-- PROBLEM TO SOLVE --
In the entries below, repeat only the lines between those holding "Made in Japan, these" and "Voici le Khimar", inclusive. Leave pictures out.

-- TASK INPUTS --
▬▬▬▬▬▬

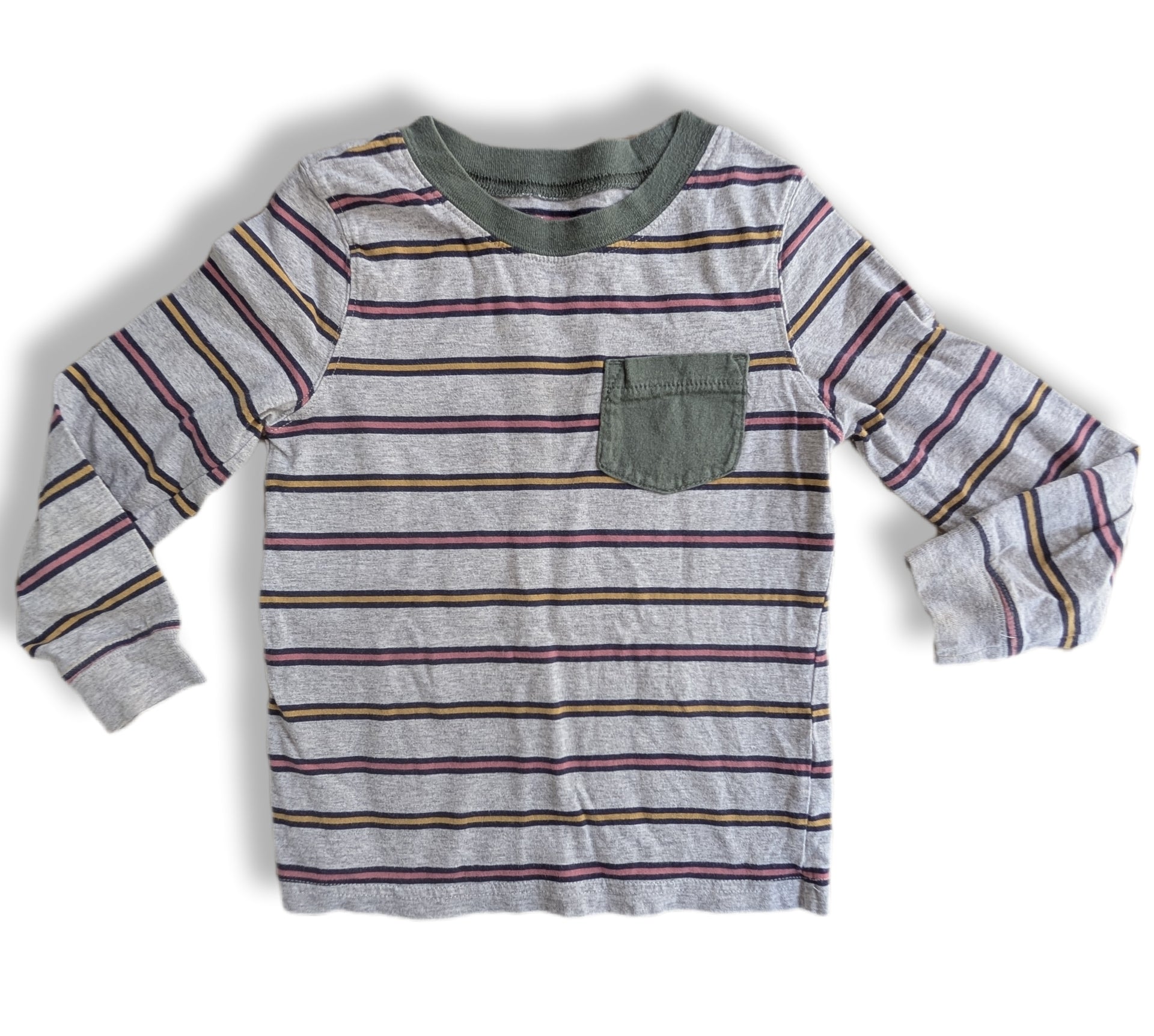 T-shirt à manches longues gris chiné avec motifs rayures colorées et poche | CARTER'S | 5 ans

▬▬▬▬▬▬

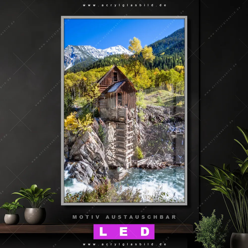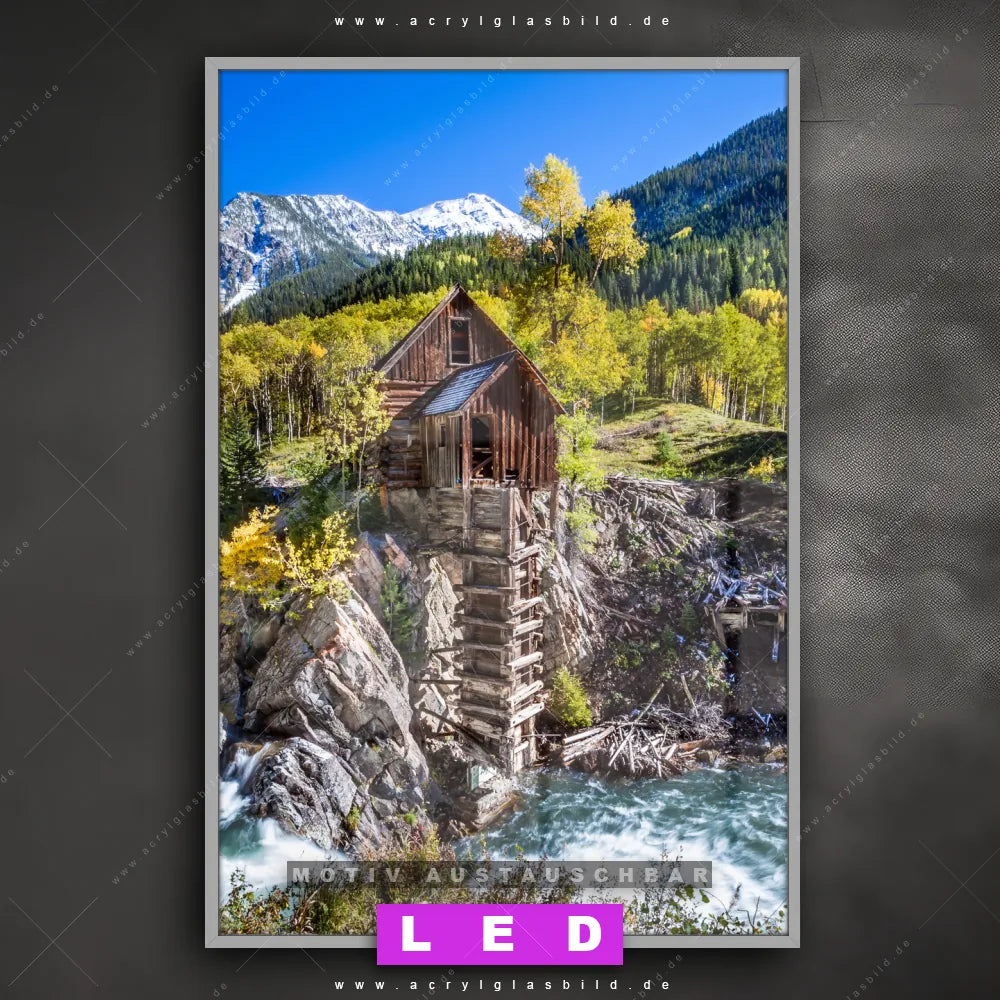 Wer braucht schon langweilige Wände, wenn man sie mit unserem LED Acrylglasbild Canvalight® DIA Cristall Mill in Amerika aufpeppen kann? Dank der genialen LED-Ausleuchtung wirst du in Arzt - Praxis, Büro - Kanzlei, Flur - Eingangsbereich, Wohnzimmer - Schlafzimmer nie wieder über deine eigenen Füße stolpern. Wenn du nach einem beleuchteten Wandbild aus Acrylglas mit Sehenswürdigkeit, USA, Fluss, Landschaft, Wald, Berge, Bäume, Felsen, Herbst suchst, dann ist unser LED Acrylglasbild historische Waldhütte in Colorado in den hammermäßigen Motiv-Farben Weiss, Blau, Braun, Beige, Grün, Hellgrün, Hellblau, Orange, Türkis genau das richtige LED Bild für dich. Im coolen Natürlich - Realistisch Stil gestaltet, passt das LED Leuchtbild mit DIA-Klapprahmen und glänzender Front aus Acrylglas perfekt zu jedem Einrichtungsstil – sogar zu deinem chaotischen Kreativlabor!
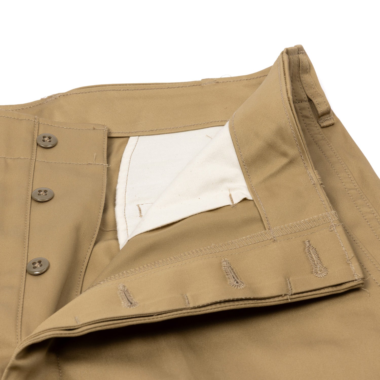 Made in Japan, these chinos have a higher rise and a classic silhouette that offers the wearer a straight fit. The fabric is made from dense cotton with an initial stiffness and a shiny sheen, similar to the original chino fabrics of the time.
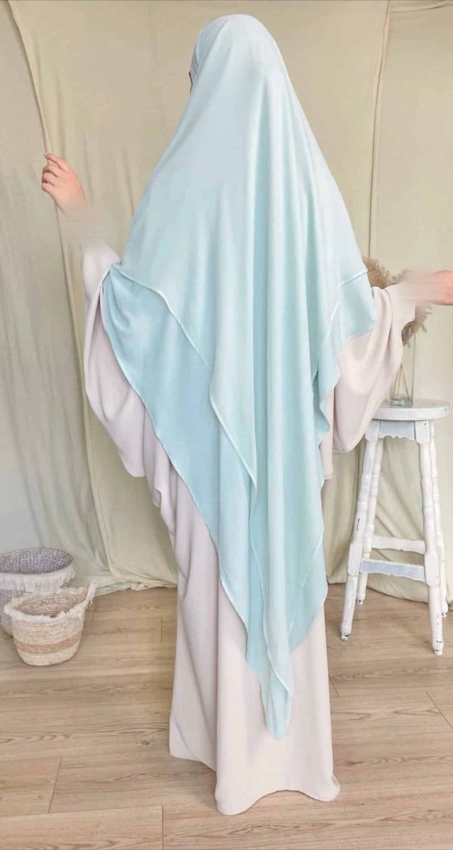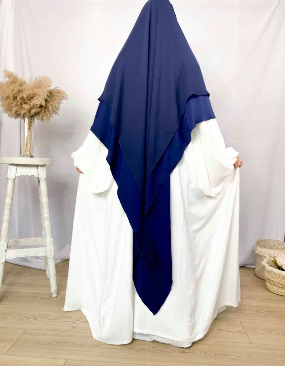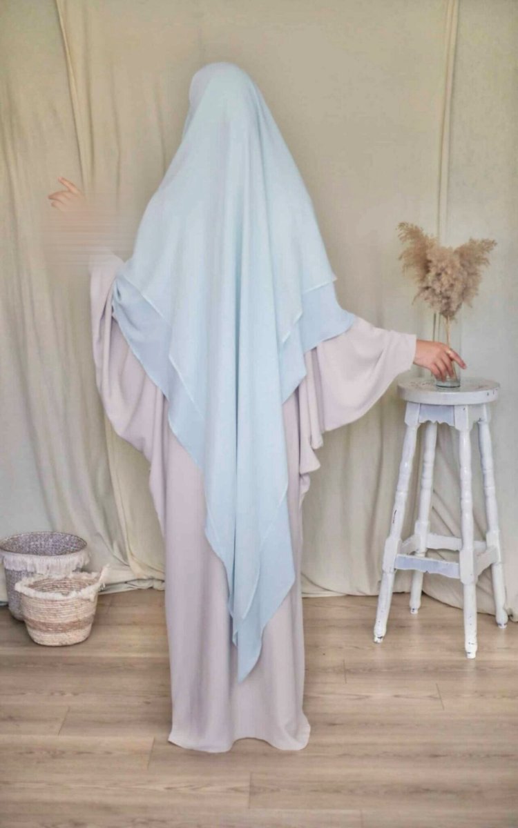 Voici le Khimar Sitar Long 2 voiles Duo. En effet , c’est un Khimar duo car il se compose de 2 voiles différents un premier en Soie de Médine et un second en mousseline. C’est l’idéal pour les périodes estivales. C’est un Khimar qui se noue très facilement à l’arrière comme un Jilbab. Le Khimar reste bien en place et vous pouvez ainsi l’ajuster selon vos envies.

▬▬▬▬▬▬

-- TASK OUTPUT --
 Made in Japan, these chinos have a higher rise and a classic silhouette that offers the wearer a straight fit. The fabric is made from dense cotton with an initial stiffness and a shiny sheen, similar to the original chino fabrics of the time.
 Voici le Khimar Sitar Long 2 voiles Duo. En effet , c’est un Khimar duo car il se compose de 2 voiles différents un premier en Soie de Médine et un second en mousseline. C’est l’idéal pour les périodes estivales. C’est un Khimar qui se noue très facilement à l’arrière comme un Jilbab. Le Khimar reste bien en place et vous pouvez ainsi l’ajuster selon vos envies.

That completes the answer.